The JMC represents emerging and junior mining companies, exploration firms, as well as associated professional bodies, suppliers and contractors across South Africa. These operations are critical contributors to employment, local economic development and community livelihoods. 

The JMC has also raised concerns about the financial impact of standby, top-up supply and back-up capacity charges imposed by Network Service Providers. While recognising the need for cost recovery, the Council warns that poorly defined or non-transparent tariffs could be used to cross-subsidise other network costs, effectively eroding the benefits of private power purchase agreements for junior miners. The JMC has therefore called on NERSA to introduce a transparent and standardised methodology for calculating non-bypassable charges to prevent arbitrary or punitive pricing. 

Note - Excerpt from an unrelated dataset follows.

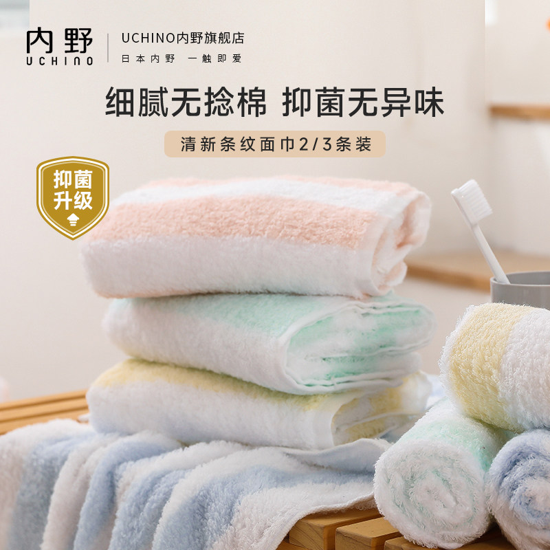 内野毛巾全棉纯棉清新条纹抑菌面巾柔软吸水洗脸巾儿童毛巾清仓促
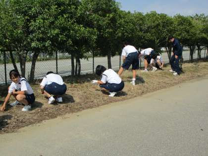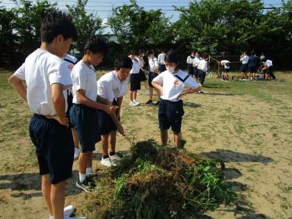 校風高揚大会 公開日 2023/06/29 更新日 2023/06/29 今日の興南中 今日は、校風高揚大会でした。 ボランティア実践部が企画し、1年生から3年生までが、縦割り班で活動しました。 暑い中でしたが、他学年との交流を楽しみながら除草をがんばりました。

In addition, the JMC has called for swift and specialised dispute resolution through the establishment of a dedicated Energy Ombudsman or an expedited NERSA tribunal. 

The JMC supports NERSA’s objective of liberalising the electricity market. However, it cautions that the proposed phased approach must not create a two-tier mining industry in which only large, Tier-1 mining companies benefit from early access to market reforms. 

NERSA’s Draft Consultation Paper was open for public comment until late January, with submissions coordinated through the Energy Council.